Find and Move Corrupted PDF Files

Hi, I am trying to find a way to scan all my PDFs and move corrupted PDF to another folder (e.g. /home/limo/corruptedpdf).

I want to move them just to double check if there is an important file, or a file with simple error that is still readable.

I couldn’t find a way to do them in bulk, command line OK with me.
I tried “linux_czkawka_gui.AppImage” which has an option to find corrupted files but it did not find them while I still have some PDFs I can’t open!
Thank you.

You can use pdfinfo to check your files and try the answer to this question, just adapt it to move the file to other folder instead of the echo command.

ELI5 please!
I copy/paste

find . -iname '*.pdf' | while read -r f
  do
    if pdftotext "$f" - &> /dev/null; then 
        echo "$f" was ok;   
    else
        mv "$f" "$f.broken";
        echo "$f" is broken;   
    fi; 
done

Renamed to findmypdf.sh and made it executable.

Tried changing “mv “$f” “$f.broken”;” to mv “$f” “$/home/limo/corruptedpf/”; and “/home/limo/corruptedpf/corrupted.txt”

Not working!

But I could export list of files to a text file:

find . -name *.pdf > /home/limo/corruptedpf/corrupted.txt

The accepted answer for that question seems good to me, just use the right syntax to move corrupted files:

for f in *.pdf; do
  if ! pdfinfo "$f" &> /dev/null; then
    mv /current/location/"$f" /new/location
  fi
done

Remember that you can help by executing mv --help as well as with man mv.
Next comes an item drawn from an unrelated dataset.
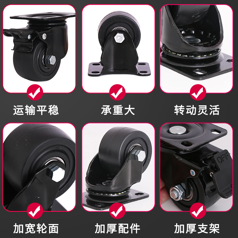 3 inch low center of gravity caster universal wheel load-bearing 2 industrial heavy duty steering wheel plus brake wheel shock-absorbing trolley corner wheel
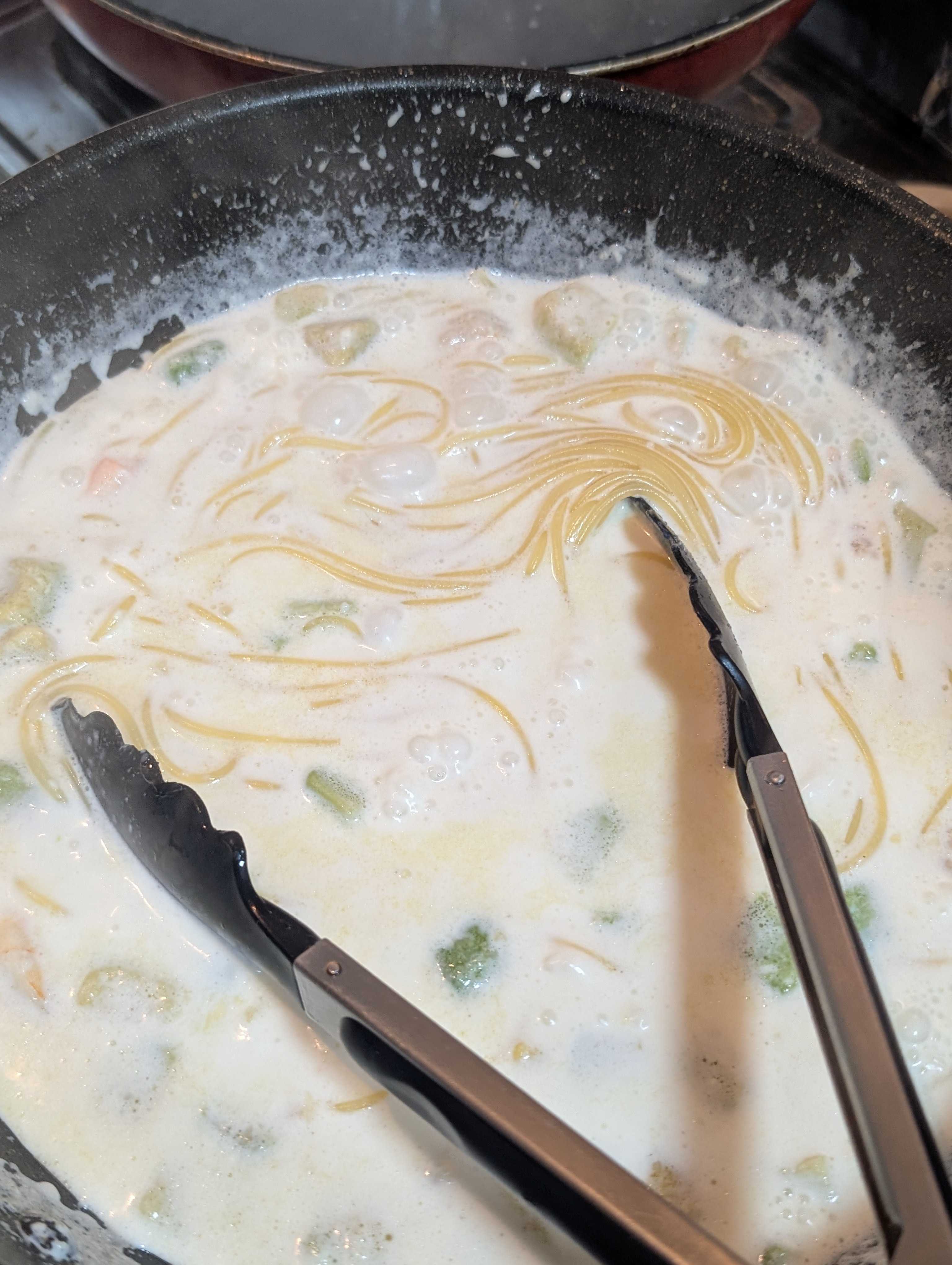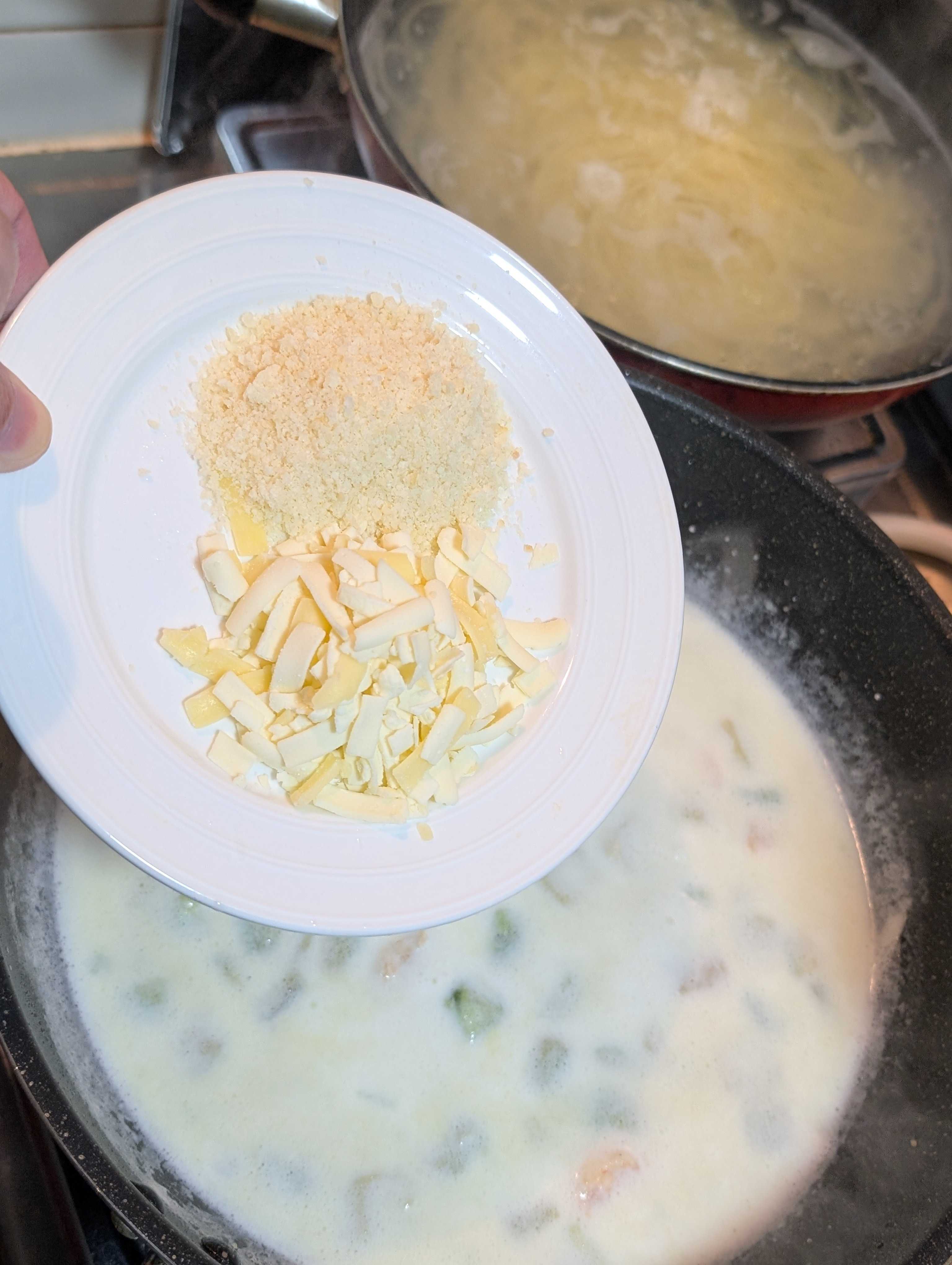 スパゲッティが良い感じになったので、チーズ投入、よく混ぜて

If you want to change name of files, you can use the rename command.

3 Likes

Why are they corrupted? :thinking:

1 Like

I don’t really know.
Some were on Google drive,pCloud, koofr, some were on an old external drive, some were accidentally deleted and recovered :rofl: Many goes back to 2000 and after 2000.
The strange thing I noticed all have date 27/6/2022.
The newer files are ok (downloaded directly to laptop), some old files are ok, most corrupted files are the oldest.

#!/bin/bash
for f in *.pdf; do
  if ! pdfinfo "$f" &> /dev/null; then
    mv "$f" /home/limo/corruptedpf/
  fi
done

Nothing happens! Target folder still the same!
UPDATE:
Manually reviewing the folder I found some files named “filexyz.pdf.broken

Seems to be result of

mv "$f" "$f.broken";

in my previous post

I will try again moving them to another folder (xyz.pdf.broken to /home/limo/broken/) just to practice Bash Scripting.

It seems my scripts didn’t work because files were renamed “xyz.pdf.broken” so it did not find xyz.pdf.

You just reopened for me the “programming” world again. (Last serious done was in 1992/1993 and a little in 1998 when I was trying to learn M$Access programming and made a “sort of” office automation program - “learning by doing”)

UPDATE:
Learning by doing:

for f in *.pdf; do
   if ! pdfinfo "$f" &> /dev/null; then
    cp  /home/limo/corrupted/"$f" /home/limo/corrupted/broken/"$f"
   fi
done

Worked after a few modifications and trials :partying_face:

This topic was automatically closed 2 days after the last reply. New replies are no longer allowed.